**Task requirements**.
Every picture should be left out, but the lines below must be repeated exactly.

-*-*-

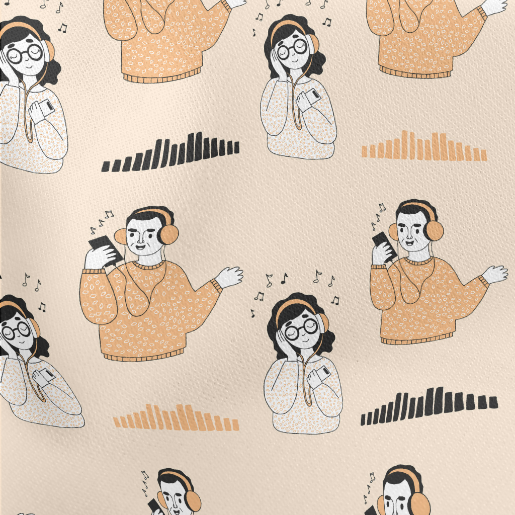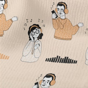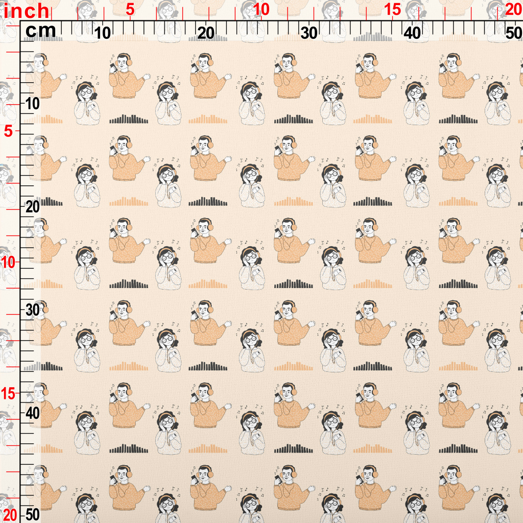 聽音樂的男生女生薄棉布(幅寬150公分)
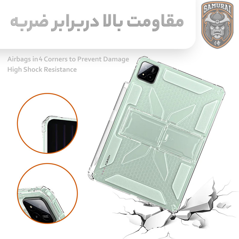 قابلیت تبدیل شدن به استند , انعطاف پذیر , دارای پوشش نرم داخلی , لبه های برجسته برای محافظت صفحه نمایش , لبه های برجسته برای محافظت دوربین
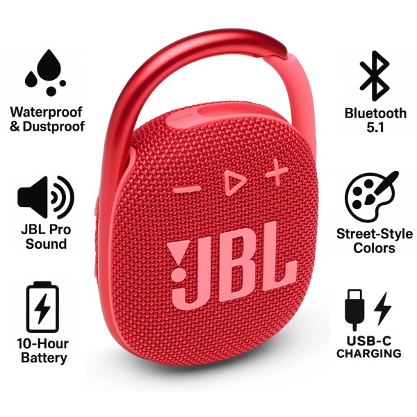 Universal JBL Clip 4 Portable Bluetooth Speaker Waterproof Wireless Rechargeable – Red
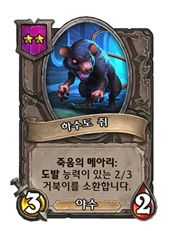 - [2단계, 야수] 죽음의 메아리: 아군 야수에게 +2/+2와 이 죽음의 메아리를 부여합니다.
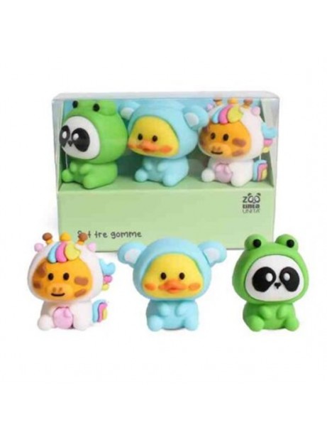 Gomme da collezione Tinta Unita Zoo – Set con 3 gomme
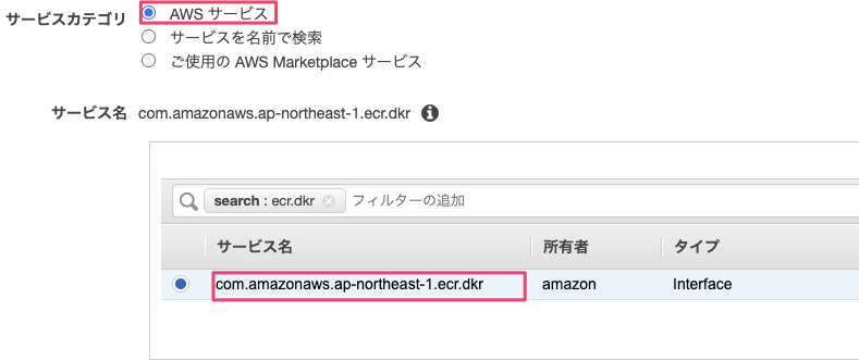 なお、各サービス名の頭にはcom.amazonaws.[リージョン名]がつきます。

-*-*-

**Answer area**.
 聽音樂的男生女生薄棉布(幅寬150公分)
 قابلیت تبدیل شدن به استند , انعطاف پذیر , دارای پوشش نرم داخلی , لبه های برجسته برای محافظت صفحه نمایش , لبه های برجسته برای محافظت دوربین
 Universal JBL Clip 4 Portable Bluetooth Speaker Waterproof Wireless Rechargeable – Red
 - [2단계, 야수] 죽음의 메아리: 아군 야수에게 +2/+2와 이 죽음의 메아리를 부여합니다.
 Gomme da collezione Tinta Unita Zoo – Set con 3 gomme
 なお、各サービス名の頭にはcom.amazonaws.[リージョン名]がつきます。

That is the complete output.